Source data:
◆ ◆ ◆ ◆

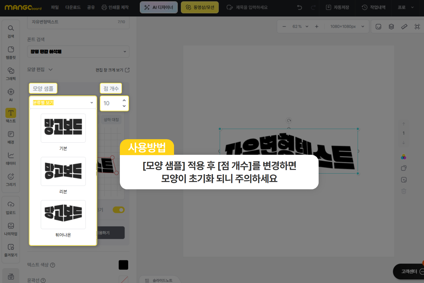 ※ 단, 모양 샘플 적용 후 점 개수를 수정하면 초기화 되니 주의하세요!
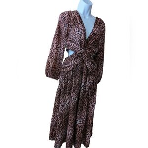Anthropologie RANNA GILL Leopard Print Printed Cut-Out Midi Dress ~Small
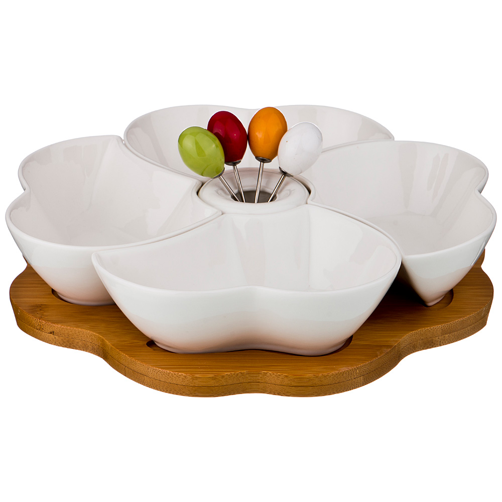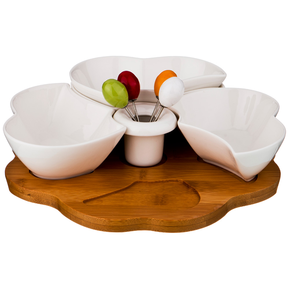 Рекомендации по использованию: Мыть с применением нейтральных моющих средств. Фарфор можно мыть в посудомоечной машине и использовать в микроволновой печи. Бамбуковые части запрещается мыть в посудомочной машине и использовать в микроволновых печах.
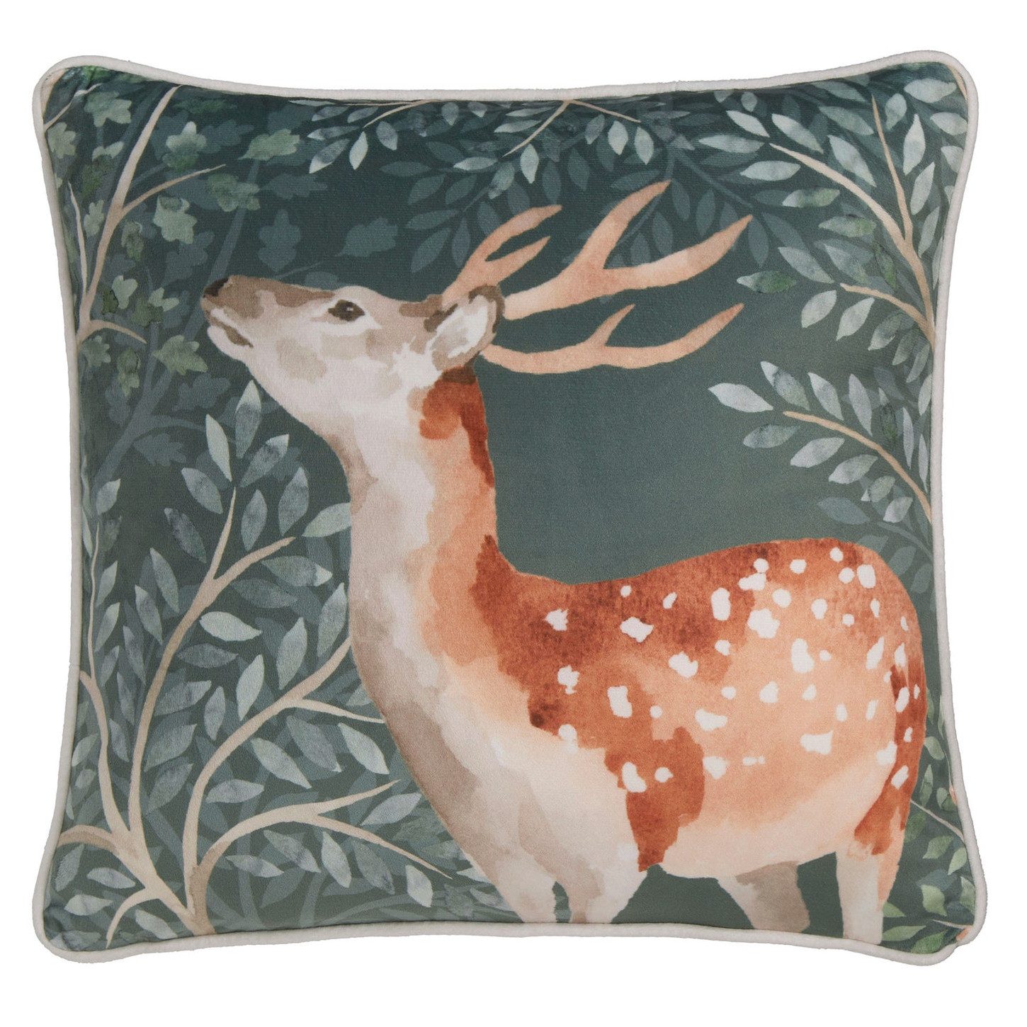 Ein handgemalter junger Hirsch ziert dieses wunderschöne Samtkissen. Die Rückseite ist mit einem dezenten Karomuster versehen – für zwei tolle Looks in einem. Die Paspelierung rundet das Design perfekt ab.
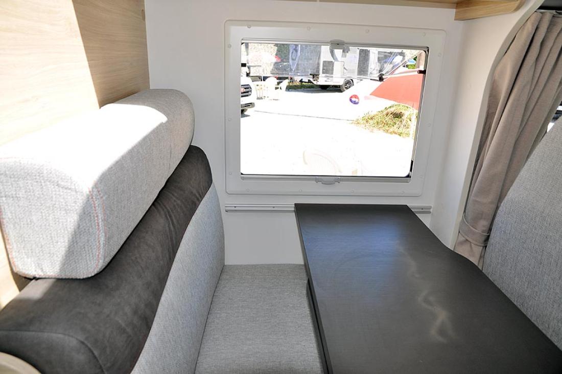 Halvintegrerte Challenger 240 Open Edition er en sju meter lang bobil uten faste senger. Likevel er det soveplasser til fire personer. Over den store sittegruppen, som Challenger kaller for en lounge, er det en romslig senkeseng. De siste to soveplassene rer du opp i sittegruppen. Det er to bokstavelig talt store nyheter ved denne modellen: Den romslige sittegruppen med plass til åtte personer, og:
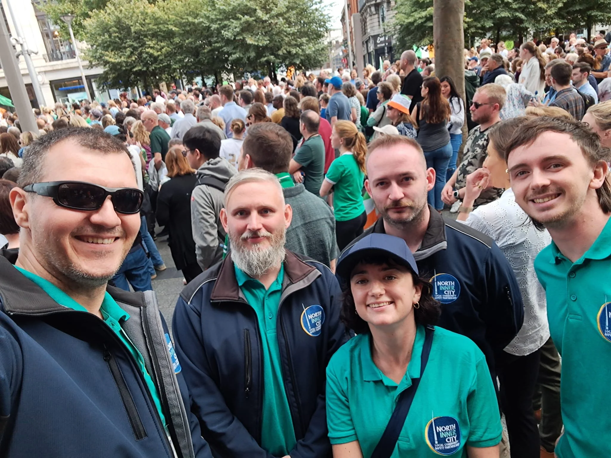 Hiya! I’m Tadhg, a Community Safety Warden as part of the Local Community Safety Partnership in the North Inner City, Dublin. Me and the other safety wardens are new to town. It started in 2023as a pilot. There are two teams, one based out of Wolfe Tone Sq. and the other is based out of O’Connell St and focused on the nighttime economy, that’s the team I’m on. The Community Safety Warden scheme is actually expanding to a few other cities across Ireland in the next few months. We got our funding for the pilot through the Community Safety Innovation Fund. We love to use it helping out local communities around the North Inner City. We do this a few different ways, including:
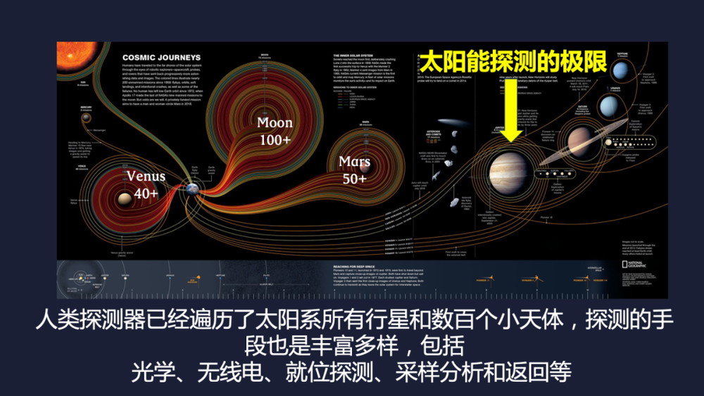 大家可以看到这张图上密密麻麻的这些探测任务,绝大多数都集中在月球、金星和火星,这也是内太阳系行星距离我们较近的。比较远的土星、木星、天王星、海王星,这是外太阳系行星很远。在探测的过程中飞行器得有能源,比木星更远的地方,由于距离太阳太远了,太阳能的效能是不够的,所以说太阳能能够到达的极限就是木星,当然更远的地方就要用其他的核动力了。所以木星是一个深空探测非常关键的技术挑战。
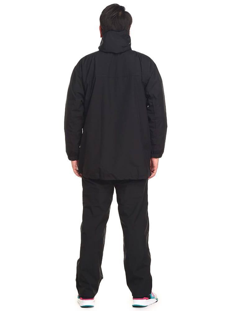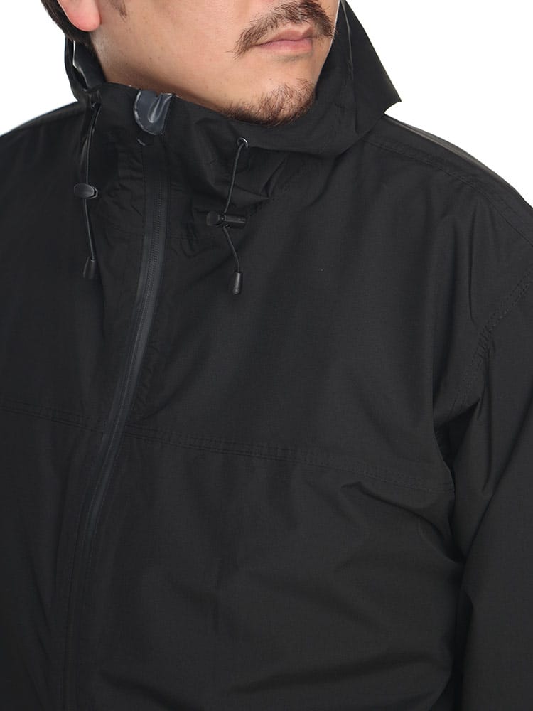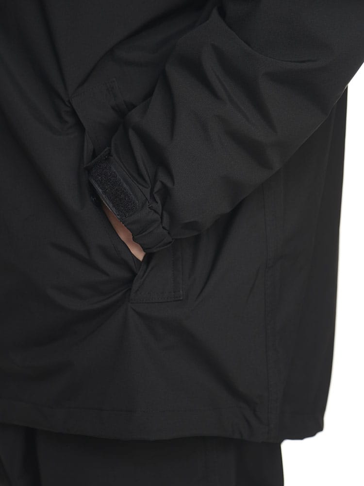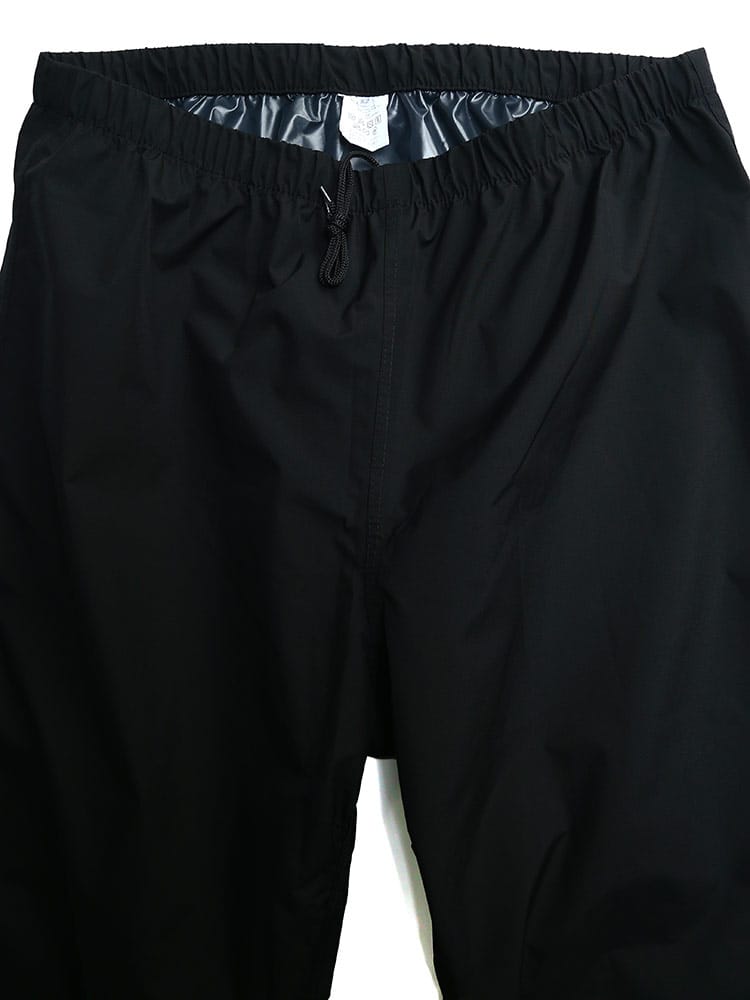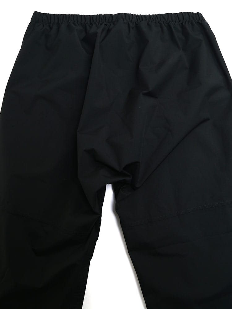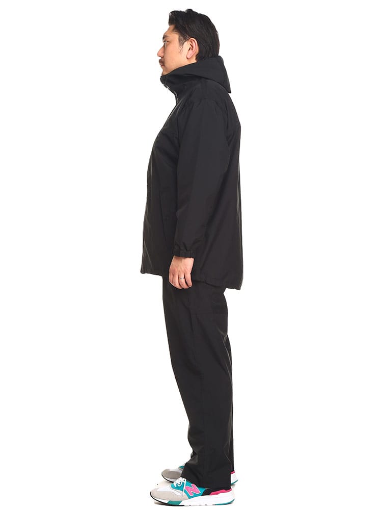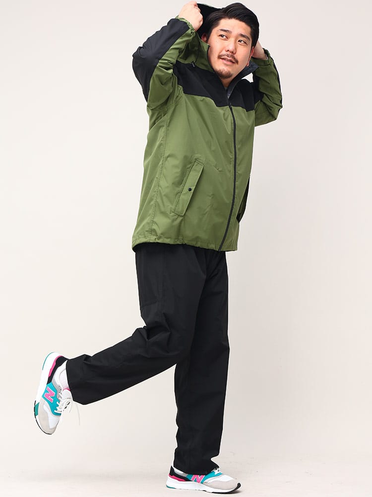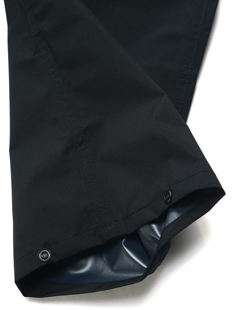 ストレッチレインスーツです。透湿・防水素材を使用したレインスーツ。上着の裾にはドローコードがついているのでフィットした着用感に調節することができます。またパンツはウエストゴムとドローコードによる腰周り調整。くわえて裾にはボタンが配され、幅を絞ることができるつくりとなっています。

◆ ◆ ◆ ◆

» **PROBLEM REQUIREMENTS**
Your reply should be the lines of the records from the start through the line with "Рекомендации по использованию: Мыть", copied word for word, pictures omitted.

» **ANSWER TO THIS TASK**
 ※ 단, 모양 샘플 적용 후 점 개수를 수정하면 초기화 되니 주의하세요!
Anthropologie RANNA GILL Leopard Print Printed Cut-Out Midi Dress ~Small
 Рекомендации по использованию: Мыть с применением нейтральных моющих средств. Фарфор можно мыть в посудомоечной машине и использовать в микроволновой печи. Бамбуковые части запрещается мыть в посудомочной машине и использовать в микроволновых печах.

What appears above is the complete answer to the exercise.